Psychiatry. 2026 May 8:1-16. doi: 10.1080/00332747.2026.2660514. Online ahead of print.
ABSTRACT
OBJECTIVE: Social dysfunction and language abnormalities are core features of psychotic disorders that interfere with communication. Language studies in psychosis often utilize paradigms involving conversational exchange yet analyze only participant speech rather than understanding the broader participant-examiner discourse. Notably, humans naturally align their language to be more similar to their conversation partners during interaction-a process sometimes called language style matching (LSM). As individuals with psychosis face significant interpersonal challenges, understanding LSM in the context of social interaction is an important and unaddressed area of research.
METHODS: A total of 101 early psychosis-spectrum participants (early psychosis [EP;n = 24], high schizotypy [HS;n = 44], unaffected controls [UC;n = 33]) completed an audio-recorded social interaction task and an assessment of real-world social functioning. Transcribed speech from participant-examiner dyads underwent LSM analyses to assess interpersonal linguistic synchrony. Correlation and hierarchical regression analyses examined associations among LSM, performance on the social interaction task, and social functioning.

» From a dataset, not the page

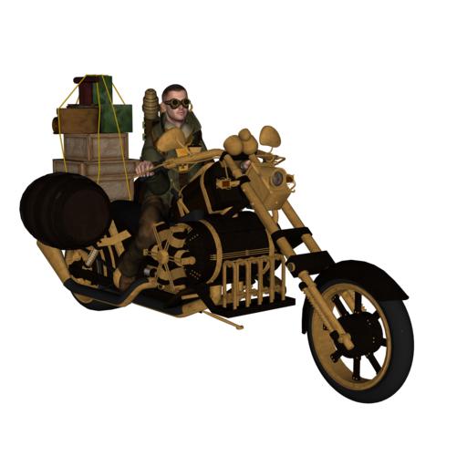 Keywords: motorcycle man luggage biker motorcyclist drive angle two wheeled vehicle men sit sporty motor human apocalyptic action

RESULTS: LSM was positively correlated with real-world social functioning and performance on the social task in EP and real-world social functioning in UC, but not HS. LSM further accounted for additional variance in social functioning, over-and-above performance on the social interaction task and relevant clinical and demographic variables (diagnostic status, age, sex).
CONCLUSIONS: These results provide preliminary evidence that LSM during interpersonal interaction is linked to social dysfunction. Critically, LSM may measure features of interaction and social outcomes that are not captured by standard assessments. Collectively, conversational exchange is a promising area for future work assessing social dysfunction in emerging adults across the early psychosis-spectrum.